#### Exercise directions
Your task is to repeat exactly the lines below between the line holding "Amazon 2025 Transfronteiriço" and the line holding "Tobacco Sandalwood -16oz", inclusive, and only those.

#### Information given
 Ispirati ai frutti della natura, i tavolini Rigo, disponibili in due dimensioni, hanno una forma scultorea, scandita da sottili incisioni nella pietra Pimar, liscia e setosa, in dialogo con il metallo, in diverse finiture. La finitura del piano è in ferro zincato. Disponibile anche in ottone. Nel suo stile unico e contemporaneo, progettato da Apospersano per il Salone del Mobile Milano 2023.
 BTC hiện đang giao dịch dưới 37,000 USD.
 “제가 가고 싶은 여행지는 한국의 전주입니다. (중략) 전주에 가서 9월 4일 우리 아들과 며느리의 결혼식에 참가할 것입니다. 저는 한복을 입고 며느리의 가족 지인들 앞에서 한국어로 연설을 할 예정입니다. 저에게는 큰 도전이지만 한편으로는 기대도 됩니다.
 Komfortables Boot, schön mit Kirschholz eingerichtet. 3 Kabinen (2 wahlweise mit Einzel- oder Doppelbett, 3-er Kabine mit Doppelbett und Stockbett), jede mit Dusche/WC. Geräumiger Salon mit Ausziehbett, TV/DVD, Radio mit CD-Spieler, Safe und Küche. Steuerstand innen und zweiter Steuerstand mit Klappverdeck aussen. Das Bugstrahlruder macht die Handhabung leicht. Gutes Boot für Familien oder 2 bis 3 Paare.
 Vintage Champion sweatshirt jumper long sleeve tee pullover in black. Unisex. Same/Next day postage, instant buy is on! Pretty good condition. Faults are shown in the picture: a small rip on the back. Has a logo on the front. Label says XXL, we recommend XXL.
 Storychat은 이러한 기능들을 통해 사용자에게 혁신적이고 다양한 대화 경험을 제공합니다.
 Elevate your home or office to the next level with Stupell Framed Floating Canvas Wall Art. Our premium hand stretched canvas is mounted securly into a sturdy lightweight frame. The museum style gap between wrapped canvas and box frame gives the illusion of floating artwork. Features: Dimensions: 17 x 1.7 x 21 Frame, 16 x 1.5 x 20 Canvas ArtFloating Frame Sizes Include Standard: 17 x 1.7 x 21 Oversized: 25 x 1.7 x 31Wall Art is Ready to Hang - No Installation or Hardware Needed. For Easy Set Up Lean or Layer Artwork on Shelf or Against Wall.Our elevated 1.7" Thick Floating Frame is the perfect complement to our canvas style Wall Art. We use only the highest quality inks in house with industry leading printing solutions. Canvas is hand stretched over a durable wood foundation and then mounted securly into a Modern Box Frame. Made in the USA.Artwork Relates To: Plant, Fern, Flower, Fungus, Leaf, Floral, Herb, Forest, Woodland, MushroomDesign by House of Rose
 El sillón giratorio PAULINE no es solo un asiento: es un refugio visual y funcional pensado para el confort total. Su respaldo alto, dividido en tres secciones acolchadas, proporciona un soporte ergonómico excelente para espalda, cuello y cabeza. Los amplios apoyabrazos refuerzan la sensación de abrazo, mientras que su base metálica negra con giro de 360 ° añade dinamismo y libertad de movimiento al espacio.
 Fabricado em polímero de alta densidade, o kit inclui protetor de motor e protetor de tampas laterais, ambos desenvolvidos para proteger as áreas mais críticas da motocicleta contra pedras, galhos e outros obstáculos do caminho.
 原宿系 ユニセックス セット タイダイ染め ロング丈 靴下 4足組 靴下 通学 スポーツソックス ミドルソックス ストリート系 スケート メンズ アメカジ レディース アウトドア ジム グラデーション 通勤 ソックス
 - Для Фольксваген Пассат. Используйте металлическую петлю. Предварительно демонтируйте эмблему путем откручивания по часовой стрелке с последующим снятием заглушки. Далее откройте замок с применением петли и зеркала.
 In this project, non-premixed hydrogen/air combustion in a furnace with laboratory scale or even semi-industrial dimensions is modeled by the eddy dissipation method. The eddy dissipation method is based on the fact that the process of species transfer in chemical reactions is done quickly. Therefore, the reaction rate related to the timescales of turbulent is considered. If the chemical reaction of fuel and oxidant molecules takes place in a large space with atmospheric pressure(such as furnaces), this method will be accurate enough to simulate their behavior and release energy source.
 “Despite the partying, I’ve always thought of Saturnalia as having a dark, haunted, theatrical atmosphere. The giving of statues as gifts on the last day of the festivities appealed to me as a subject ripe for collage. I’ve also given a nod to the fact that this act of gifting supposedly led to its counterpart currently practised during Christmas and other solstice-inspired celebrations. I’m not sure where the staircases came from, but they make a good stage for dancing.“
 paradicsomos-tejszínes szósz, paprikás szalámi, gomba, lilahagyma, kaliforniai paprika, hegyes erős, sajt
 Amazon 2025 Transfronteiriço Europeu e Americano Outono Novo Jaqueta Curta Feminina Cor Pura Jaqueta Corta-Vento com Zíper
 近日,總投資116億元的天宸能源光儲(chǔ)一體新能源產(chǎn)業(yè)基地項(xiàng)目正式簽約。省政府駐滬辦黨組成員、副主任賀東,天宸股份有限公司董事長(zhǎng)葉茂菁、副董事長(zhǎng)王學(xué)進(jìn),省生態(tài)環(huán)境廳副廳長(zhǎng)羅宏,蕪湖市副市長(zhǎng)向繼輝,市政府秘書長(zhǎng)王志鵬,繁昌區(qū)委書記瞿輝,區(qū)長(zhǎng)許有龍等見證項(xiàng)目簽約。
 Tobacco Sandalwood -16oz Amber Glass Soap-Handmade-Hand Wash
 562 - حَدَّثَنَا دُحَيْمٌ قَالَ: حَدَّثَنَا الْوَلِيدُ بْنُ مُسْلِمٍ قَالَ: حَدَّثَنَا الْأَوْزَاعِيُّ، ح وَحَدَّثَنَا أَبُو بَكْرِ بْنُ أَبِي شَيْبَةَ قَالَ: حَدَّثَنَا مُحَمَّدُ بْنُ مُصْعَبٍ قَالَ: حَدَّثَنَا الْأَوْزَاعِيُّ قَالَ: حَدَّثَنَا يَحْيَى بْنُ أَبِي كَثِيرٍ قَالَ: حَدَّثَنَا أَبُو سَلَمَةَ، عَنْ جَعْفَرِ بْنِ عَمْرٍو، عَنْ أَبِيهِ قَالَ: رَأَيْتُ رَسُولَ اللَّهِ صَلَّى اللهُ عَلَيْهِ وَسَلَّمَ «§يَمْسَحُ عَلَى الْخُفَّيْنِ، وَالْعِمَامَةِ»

#### Reply to the task
 Amazon 2025 Transfronteiriço Europeu e Americano Outono Novo Jaqueta Curta Feminina Cor Pura Jaqueta Corta-Vento com Zíper
 近日,總投資116億元的天宸能源光儲(chǔ)一體新能源產(chǎn)業(yè)基地項(xiàng)目正式簽約。省政府駐滬辦黨組成員、副主任賀東,天宸股份有限公司董事長(zhǎng)葉茂菁、副董事長(zhǎng)王學(xué)進(jìn),省生態(tài)環(huán)境廳副廳長(zhǎng)羅宏,蕪湖市副市長(zhǎng)向繼輝,市政府秘書長(zhǎng)王志鵬,繁昌區(qū)委書記瞿輝,區(qū)長(zhǎng)許有龍等見證項(xiàng)目簽約。
 Tobacco Sandalwood -16oz Amber Glass Soap-Handmade-Hand Wash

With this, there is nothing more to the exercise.